**Task brief**
Make an exact copy, from the records below, of the lines from the line containing "Большой Барьерный риф" to the line containing "Materiales. Construimos un", both lines included, excluding pictures.

________________________________________

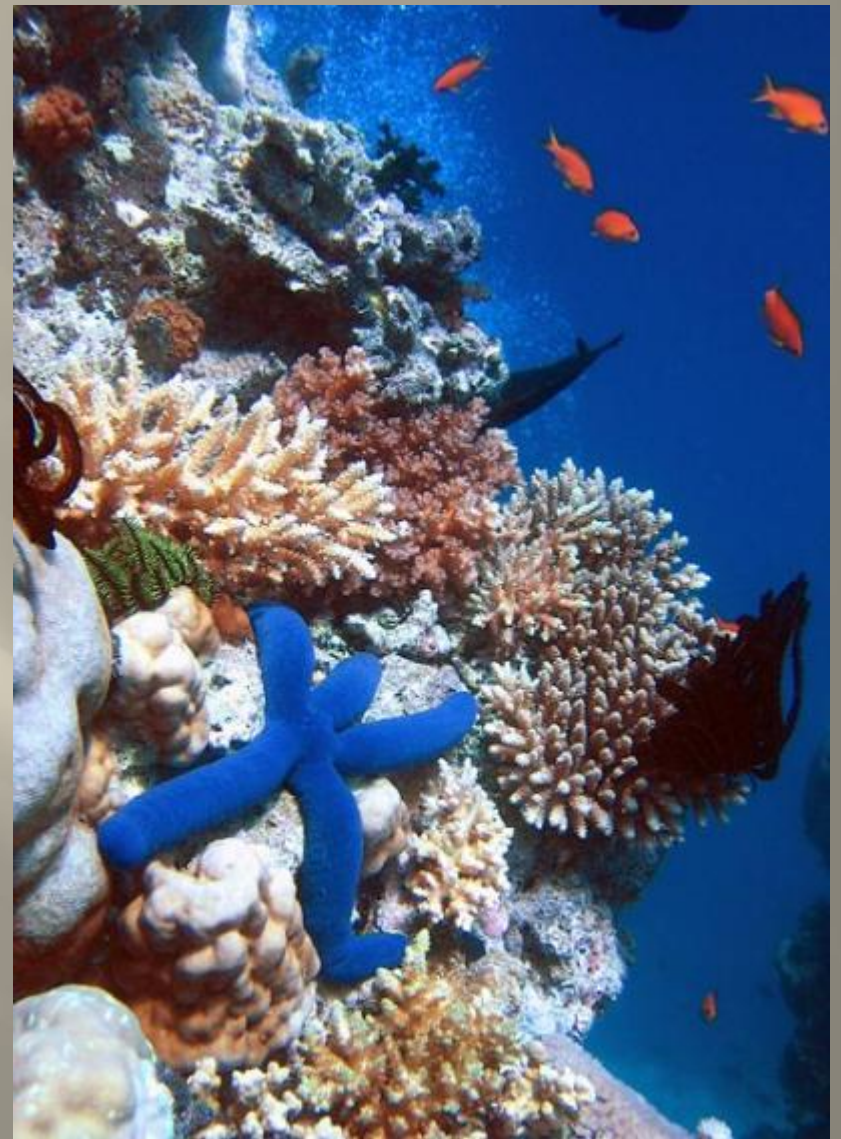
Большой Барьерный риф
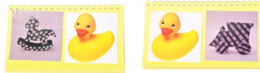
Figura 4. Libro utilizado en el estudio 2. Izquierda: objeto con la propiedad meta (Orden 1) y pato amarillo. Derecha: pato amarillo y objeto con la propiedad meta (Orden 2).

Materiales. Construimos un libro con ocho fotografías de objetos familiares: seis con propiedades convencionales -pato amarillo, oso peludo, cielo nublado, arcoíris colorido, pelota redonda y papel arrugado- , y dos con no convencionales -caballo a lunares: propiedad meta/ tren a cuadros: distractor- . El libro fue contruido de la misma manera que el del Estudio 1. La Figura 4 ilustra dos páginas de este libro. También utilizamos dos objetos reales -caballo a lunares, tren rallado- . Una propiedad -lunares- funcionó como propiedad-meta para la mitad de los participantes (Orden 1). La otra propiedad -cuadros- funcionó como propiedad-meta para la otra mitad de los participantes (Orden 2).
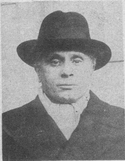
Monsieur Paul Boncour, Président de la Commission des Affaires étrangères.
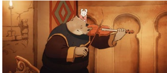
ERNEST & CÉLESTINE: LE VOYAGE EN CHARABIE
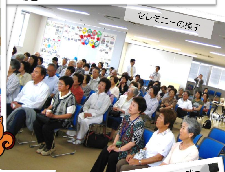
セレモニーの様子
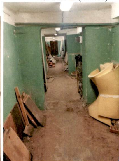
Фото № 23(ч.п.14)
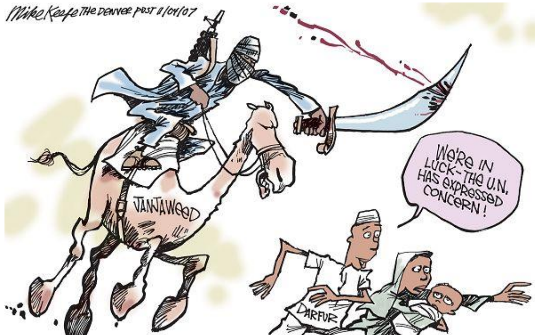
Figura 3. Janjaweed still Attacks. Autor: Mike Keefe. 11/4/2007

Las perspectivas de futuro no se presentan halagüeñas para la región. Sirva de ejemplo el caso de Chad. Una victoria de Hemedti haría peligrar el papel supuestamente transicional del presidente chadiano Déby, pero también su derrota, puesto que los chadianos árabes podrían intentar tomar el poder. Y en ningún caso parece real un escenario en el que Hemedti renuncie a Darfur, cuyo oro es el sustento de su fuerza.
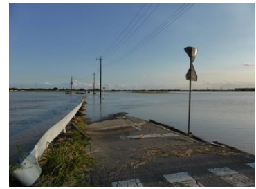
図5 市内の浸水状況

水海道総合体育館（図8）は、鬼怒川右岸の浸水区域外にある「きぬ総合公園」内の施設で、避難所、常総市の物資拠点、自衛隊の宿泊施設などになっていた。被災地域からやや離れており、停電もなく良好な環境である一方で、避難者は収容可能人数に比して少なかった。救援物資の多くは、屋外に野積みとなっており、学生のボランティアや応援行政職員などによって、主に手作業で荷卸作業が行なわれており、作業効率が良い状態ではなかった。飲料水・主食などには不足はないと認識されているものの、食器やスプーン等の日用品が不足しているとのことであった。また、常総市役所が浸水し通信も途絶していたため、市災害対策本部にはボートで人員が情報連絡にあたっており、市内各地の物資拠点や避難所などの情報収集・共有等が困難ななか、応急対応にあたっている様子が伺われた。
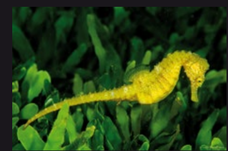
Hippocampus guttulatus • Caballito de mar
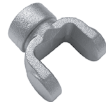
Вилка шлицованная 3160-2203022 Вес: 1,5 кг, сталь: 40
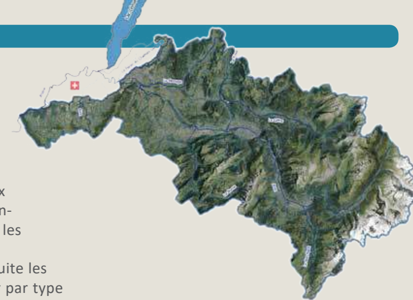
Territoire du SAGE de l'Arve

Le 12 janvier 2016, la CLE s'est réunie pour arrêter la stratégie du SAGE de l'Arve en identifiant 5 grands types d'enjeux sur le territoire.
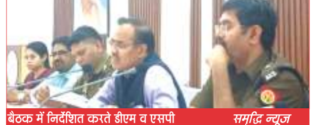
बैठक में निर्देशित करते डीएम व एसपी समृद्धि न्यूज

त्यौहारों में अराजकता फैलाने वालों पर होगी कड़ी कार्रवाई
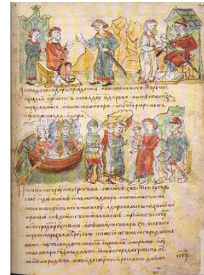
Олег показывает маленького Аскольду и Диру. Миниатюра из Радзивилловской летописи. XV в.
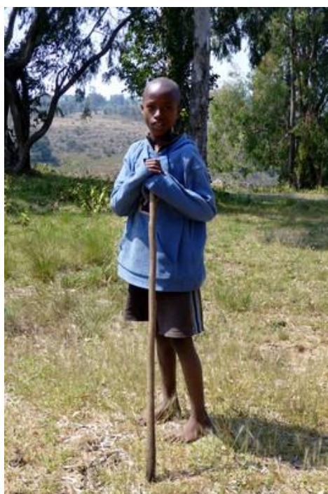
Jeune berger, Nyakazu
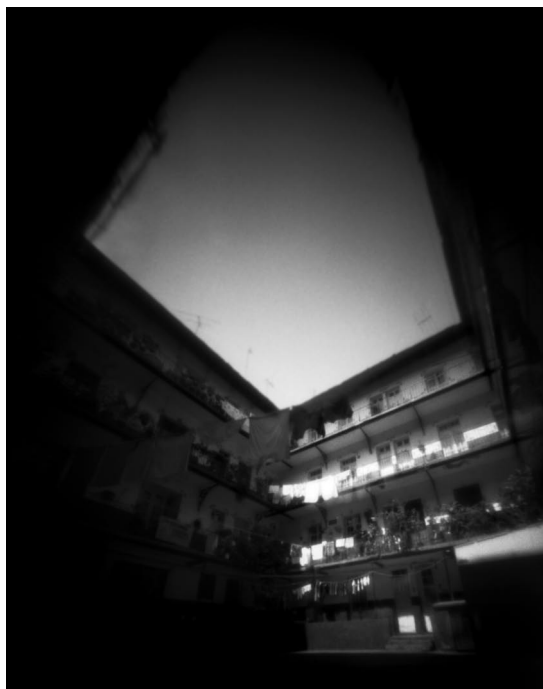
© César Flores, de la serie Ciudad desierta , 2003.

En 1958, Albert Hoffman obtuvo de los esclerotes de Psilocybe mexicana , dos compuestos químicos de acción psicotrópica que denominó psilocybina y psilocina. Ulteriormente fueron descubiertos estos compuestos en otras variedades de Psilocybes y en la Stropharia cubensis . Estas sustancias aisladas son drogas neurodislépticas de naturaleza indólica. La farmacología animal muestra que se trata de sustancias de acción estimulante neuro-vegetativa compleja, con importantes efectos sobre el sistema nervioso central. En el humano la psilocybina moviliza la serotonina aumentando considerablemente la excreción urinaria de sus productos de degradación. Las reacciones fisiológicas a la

________________________________________

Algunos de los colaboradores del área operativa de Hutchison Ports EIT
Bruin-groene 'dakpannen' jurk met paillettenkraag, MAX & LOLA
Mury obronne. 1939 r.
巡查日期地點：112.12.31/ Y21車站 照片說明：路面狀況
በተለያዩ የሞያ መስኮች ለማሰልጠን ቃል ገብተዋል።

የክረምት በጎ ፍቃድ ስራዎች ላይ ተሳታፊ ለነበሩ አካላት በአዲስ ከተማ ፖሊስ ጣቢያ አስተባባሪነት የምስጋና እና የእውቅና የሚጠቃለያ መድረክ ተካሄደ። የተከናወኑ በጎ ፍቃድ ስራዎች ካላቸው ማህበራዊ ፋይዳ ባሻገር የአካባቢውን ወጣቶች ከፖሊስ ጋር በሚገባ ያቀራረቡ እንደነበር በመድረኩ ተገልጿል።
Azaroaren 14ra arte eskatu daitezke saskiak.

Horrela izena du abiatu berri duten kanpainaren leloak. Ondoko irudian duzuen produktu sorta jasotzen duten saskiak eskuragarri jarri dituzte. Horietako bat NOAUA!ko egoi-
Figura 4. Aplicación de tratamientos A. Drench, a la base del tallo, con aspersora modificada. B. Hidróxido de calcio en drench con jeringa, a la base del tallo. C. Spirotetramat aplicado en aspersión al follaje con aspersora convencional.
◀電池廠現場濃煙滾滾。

________________________________________

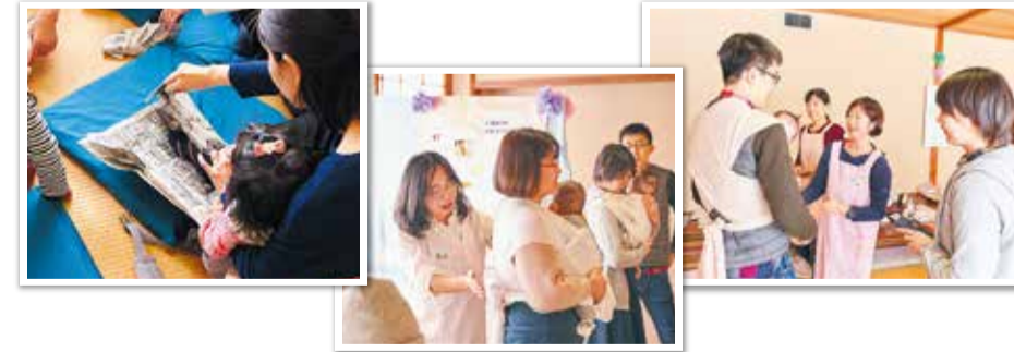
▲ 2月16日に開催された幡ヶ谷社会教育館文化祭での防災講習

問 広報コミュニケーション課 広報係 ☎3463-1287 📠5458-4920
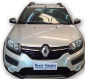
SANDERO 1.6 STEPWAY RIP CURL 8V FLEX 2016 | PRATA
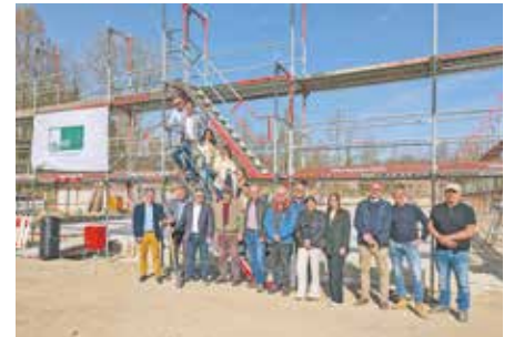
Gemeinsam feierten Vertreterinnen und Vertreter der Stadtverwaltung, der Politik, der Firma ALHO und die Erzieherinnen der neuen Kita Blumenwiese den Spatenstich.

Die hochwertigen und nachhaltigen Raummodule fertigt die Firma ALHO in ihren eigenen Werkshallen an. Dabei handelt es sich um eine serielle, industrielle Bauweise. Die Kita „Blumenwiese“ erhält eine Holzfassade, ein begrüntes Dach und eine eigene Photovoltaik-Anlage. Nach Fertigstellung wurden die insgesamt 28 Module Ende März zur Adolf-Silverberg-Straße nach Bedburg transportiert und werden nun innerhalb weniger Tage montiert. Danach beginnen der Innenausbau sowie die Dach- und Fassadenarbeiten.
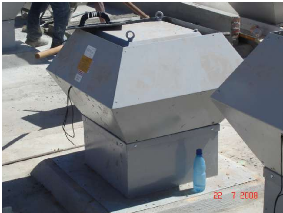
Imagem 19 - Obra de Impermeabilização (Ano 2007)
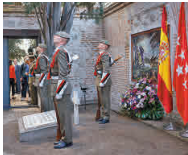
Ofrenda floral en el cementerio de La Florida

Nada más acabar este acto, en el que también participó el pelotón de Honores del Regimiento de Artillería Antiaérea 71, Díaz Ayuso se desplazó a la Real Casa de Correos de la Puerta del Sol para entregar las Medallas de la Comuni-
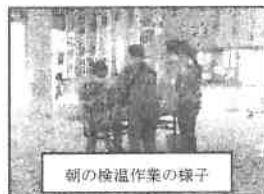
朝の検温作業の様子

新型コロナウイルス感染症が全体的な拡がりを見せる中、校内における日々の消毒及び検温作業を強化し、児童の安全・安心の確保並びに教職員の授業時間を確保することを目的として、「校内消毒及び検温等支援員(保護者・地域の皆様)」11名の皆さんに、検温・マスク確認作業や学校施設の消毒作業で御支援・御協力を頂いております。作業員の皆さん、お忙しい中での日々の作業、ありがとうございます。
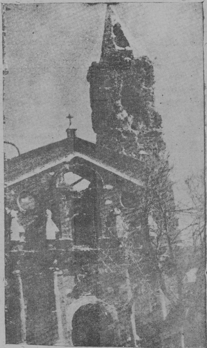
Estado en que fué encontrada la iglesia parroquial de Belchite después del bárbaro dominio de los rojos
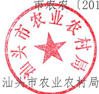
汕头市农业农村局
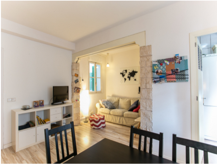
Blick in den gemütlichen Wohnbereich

________________________________________

**Task answer**
Большой Барьерный риф
Figura 4. Libro utilizado en el estudio 2. Izquierda: objeto con la propiedad meta (Orden 1) y pato amarillo. Derecha: pato amarillo y objeto con la propiedad meta (Orden 2).

Materiales. Construimos un libro con ocho fotografías de objetos familiares: seis con propiedades convencionales -pato amarillo, oso peludo, cielo nublado, arcoíris colorido, pelota redonda y papel arrugado- , y dos con no convencionales -caballo a lunares: propiedad meta/ tren a cuadros: distractor- . El libro fue contruido de la misma manera que el del Estudio 1. La Figura 4 ilustra dos páginas de este libro. También utilizamos dos objetos reales -caballo a lunares, tren rallado- . Una propiedad -lunares- funcionó como propiedad-meta para la mitad de los participantes (Orden 1). La otra propiedad -cuadros- funcionó como propiedad-meta para la otra mitad de los participantes (Orden 2).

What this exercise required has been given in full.